Unfortunately not. Despite constantly mounting evidence of qualified immunity’s utter jurisprudential illegitimacy—including recent scholarship that indicates the as‐enacted (but subsequently bowdlerized) text of § 1983 explicitly rejected background immunity doctrines of any kind—and a growing chorus of academic and judicial critics, qualified immunity continues to fulfill its mission of letting rights‐violating government officials off the hook for their misconduct and ensuring they never have to justify themselves to a jury of their fellow citizens.
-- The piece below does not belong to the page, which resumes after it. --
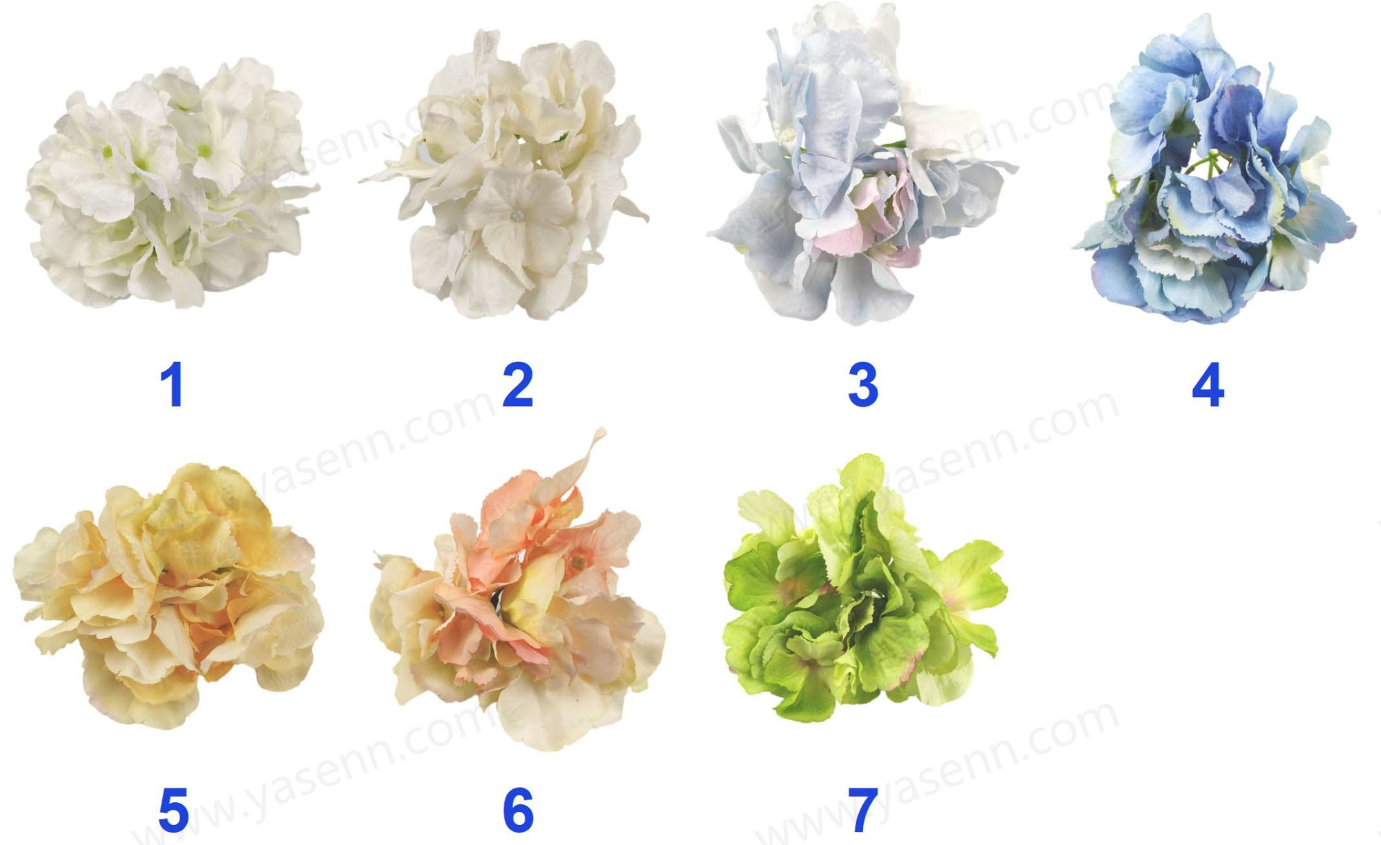 Description:HEIGHT 63CM/HYDRANGEA/70PCS FLOWERS/1 LAYERS/DIA 6.5CM/STRARCHED FABRIC/4PCS LEAVES

But here’s the thing: Even though qualified immunity hasn’t been formally overruled or dialed back, one gets the distinct impression that it has fallen into disfavor among its berobed friends—that it has come to resemble not a zombie so much as the drunken guest at a party whose initially amusing antics are now causing the hosts to blush and wish they had never invited him to the party. If so, that would be progress. And if judges of the Fifth Circuit and other courts express contempt for government lawyers whose unseemly requests for qualified immunity underscore what a garbage policy it has always been—well, that too is progress.
Congress or the Supreme Court should formally rid us of this unjust, unlawful, and immoral doctrine. (Obviously.) And the more well‐deserved scorn we heap upon it now, the sooner that day may come. (Hint, hint.)